EXERCISE: From the records below, output exactly the lines running from the line containing "alte Ansichtskarte, gelaufen" through the line containing "[무한뉴스=양현명 기자] 지식재산처는", and no others.

EXTRACTED RECORDS:

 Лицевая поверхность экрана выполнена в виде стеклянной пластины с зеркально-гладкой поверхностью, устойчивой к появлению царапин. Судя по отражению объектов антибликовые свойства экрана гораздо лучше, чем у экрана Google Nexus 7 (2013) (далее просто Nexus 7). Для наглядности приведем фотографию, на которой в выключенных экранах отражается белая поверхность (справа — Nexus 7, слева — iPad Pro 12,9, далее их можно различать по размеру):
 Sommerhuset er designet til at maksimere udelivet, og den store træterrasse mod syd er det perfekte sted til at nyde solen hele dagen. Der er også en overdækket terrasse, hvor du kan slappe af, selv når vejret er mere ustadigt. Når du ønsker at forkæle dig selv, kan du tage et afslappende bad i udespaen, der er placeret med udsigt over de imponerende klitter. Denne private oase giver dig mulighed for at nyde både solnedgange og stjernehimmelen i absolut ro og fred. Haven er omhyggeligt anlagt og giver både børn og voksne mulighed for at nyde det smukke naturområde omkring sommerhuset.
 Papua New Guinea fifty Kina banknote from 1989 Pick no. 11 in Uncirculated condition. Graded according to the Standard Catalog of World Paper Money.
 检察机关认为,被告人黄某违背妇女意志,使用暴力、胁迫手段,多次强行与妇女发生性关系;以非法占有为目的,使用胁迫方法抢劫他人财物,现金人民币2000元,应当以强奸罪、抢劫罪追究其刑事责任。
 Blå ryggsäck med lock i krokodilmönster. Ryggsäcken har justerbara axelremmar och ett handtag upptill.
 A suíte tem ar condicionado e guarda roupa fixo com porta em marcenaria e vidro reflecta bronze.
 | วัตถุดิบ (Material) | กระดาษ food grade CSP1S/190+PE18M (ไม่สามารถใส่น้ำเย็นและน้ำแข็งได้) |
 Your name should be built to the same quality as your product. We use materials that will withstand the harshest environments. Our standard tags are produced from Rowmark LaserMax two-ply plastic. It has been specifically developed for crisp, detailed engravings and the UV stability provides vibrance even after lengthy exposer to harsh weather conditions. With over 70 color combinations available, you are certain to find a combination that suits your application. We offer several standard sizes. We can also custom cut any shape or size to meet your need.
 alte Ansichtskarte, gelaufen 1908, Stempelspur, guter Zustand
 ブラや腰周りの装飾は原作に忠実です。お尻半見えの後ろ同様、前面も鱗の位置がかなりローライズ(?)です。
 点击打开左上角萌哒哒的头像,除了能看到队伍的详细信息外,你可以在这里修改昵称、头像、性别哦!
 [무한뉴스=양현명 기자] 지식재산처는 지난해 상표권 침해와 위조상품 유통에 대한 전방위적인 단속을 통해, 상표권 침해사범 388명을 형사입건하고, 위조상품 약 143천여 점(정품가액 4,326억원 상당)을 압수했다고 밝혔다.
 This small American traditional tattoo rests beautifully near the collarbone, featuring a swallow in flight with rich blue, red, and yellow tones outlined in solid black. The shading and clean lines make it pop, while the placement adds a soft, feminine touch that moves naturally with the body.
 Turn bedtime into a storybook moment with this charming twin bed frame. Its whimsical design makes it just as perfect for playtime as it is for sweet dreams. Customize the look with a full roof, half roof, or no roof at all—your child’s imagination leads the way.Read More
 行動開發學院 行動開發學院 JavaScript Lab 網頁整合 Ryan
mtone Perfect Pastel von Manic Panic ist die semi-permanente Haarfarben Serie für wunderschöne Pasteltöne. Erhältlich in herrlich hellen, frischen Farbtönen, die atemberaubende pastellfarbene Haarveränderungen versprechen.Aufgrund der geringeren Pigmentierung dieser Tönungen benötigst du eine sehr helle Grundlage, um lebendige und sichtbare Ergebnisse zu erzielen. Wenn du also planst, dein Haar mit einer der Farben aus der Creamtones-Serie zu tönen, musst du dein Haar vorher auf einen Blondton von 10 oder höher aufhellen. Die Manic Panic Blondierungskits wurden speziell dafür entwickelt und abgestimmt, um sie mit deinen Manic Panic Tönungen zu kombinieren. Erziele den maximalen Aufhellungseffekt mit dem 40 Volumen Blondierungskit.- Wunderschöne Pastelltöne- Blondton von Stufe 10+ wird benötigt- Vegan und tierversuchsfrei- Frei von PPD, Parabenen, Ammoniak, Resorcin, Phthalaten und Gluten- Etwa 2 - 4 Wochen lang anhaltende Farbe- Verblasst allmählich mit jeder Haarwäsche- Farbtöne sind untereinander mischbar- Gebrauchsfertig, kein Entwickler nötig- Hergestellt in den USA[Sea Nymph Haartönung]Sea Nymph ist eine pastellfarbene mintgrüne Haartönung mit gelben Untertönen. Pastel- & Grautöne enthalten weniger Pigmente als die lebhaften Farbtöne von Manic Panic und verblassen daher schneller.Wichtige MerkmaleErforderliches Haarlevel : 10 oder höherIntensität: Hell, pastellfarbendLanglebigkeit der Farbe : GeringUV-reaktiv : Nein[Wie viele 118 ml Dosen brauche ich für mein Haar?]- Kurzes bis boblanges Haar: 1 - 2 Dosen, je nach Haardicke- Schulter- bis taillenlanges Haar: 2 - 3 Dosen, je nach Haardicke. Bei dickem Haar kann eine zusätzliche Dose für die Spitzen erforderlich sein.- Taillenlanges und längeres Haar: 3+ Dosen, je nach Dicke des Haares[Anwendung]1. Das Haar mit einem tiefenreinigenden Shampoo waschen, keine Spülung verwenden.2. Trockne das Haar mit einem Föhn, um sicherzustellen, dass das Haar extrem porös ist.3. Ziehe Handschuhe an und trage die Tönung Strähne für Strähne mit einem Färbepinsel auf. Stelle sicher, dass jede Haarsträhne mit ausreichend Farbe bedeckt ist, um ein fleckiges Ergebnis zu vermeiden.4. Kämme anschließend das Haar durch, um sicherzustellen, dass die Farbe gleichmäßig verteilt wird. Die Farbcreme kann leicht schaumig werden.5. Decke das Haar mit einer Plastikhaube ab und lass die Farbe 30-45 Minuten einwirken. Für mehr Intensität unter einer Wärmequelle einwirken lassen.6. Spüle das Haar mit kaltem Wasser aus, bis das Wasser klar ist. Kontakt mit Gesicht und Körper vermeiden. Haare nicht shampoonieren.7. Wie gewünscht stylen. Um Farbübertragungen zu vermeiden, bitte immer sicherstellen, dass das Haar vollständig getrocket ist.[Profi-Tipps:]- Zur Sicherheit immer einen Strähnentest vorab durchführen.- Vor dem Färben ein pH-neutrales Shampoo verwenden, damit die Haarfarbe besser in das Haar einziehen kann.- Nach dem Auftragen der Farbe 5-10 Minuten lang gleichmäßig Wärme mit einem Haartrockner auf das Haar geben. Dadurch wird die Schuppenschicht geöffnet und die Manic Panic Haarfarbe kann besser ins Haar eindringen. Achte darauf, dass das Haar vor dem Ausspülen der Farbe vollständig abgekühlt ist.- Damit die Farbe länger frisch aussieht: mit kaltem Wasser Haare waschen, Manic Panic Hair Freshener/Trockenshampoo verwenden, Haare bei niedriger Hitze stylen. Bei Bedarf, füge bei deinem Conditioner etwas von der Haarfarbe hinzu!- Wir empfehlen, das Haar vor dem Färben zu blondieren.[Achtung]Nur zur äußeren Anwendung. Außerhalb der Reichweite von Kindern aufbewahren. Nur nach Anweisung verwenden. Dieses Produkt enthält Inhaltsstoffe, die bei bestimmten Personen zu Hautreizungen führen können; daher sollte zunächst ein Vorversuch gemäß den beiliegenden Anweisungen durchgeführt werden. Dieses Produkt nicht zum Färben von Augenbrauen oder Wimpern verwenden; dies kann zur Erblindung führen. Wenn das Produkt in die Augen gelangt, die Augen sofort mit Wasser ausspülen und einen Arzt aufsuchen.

ANSWER TO THE PROBLEM:
 alte Ansichtskarte, gelaufen 1908, Stempelspur, guter Zustand
 ブラや腰周りの装飾は原作に忠実です。お尻半見えの後ろ同様、前面も鱗の位置がかなりローライズ(?)です。
 点击打开左上角萌哒哒的头像,除了能看到队伍的详细信息外,你可以在这里修改昵称、头像、性别哦!
 [무한뉴스=양현명 기자] 지식재산처는 지난해 상표권 침해와 위조상품 유통에 대한 전방위적인 단속을 통해, 상표권 침해사범 388명을 형사입건하고, 위조상품 약 143천여 점(정품가액 4,326억원 상당)을 압수했다고 밝혔다.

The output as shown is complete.